Raybestos-Manhattan, Inc. v. Hi-Shear Industries, Inc.

503 F. Supp. 1122, 1980 U.S. Dist. LEXIS 15616
CourtDistrict Court, E.D. New York
DecidedDecember 16, 1980
Docket80 C 2730
StatusPublished
Cited by13 cases

This text of 503 F. Supp. 1122 (Raybestos-Manhattan, Inc. v. Hi-Shear Industries, Inc.) is published on Counsel Stack Legal Research, covering District Court, E.D. New York primary law. Counsel Stack provides free access to over 12 million legal documents including statutes, case law, regulations, and constitutions.

Bluebook
Raybestos-Manhattan, Inc. v. Hi-Shear Industries, Inc., 503 F. Supp. 1122, 1980 U.S. Dist. LEXIS 15616 (E.D.N.Y. 1980).

Opinion

MEMORANDUM AND ORDER

NICKERSON, District Judge.

Plaintiff Raybestos-Manhattan, Inc. (“Raybestos”) moves under Rule 65 of the Federal Rules of Civil Procedure for a preliminary injunction enjoining until final adjudication of this action the tender offer of defendant Hi-Shear Industries, Inc. (“Hi-Shear”) for 900,000 shares of Raybestos common stock and any further acquisition or voting by defendant of Raybestos common stock. Defendant cross-moves under Rules 12(b)(6), 12(c), and 56 for an order dismissing plaintiff’s third amended complaint.
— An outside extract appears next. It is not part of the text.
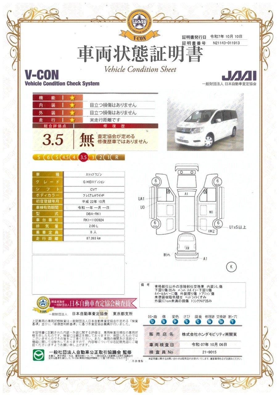 ステップワゴン GHDDナビスマートスタイルエディション 禁煙車 HDDナビ スマートキー 0550538A30251026W003 1

The court shall at this time only consider plaintiff’s motion for a preliminary injunction. The parties may submit within twenty days additional responses on the motion to dismiss.

Plaintiff is a Connecticut corporation engaged primarily in the manufacture of automotive-related products and fasteners. Defendant, a Delaware corporation with its principal place of business in North Hills, Long Island, New York, manufactures aerospace fasteners and separation fasteners. A.V.C. Corporation (“AVC”), a Delaware corporation, holds 164,248 shares of Raybestos common stock (about 7% of the outstanding) and has an option to purchase *1125 328,488 additional shares (about 14% of the outstanding) exercisable at $28.17 per share until September 8, 1981.

In the fall of 1979 defendant commenced discussions with AVC regarding a possible acquisition of AVC or of the Raybestos common stock and options owned by AVC. During the late spring and summer of 1980 Frederick J. Ross, President and Chief Executive Officer of plaintiff, spoke with David A. Wingate, President and Chief Executive Officer of defendant, regarding defendant’s possible acquisition of the Raybestos common stock and options held by AVC. On September 5, 1980 defendant and AVC entered into a written agreement in principle by which AVC would be merged into a subsidiary of defendant.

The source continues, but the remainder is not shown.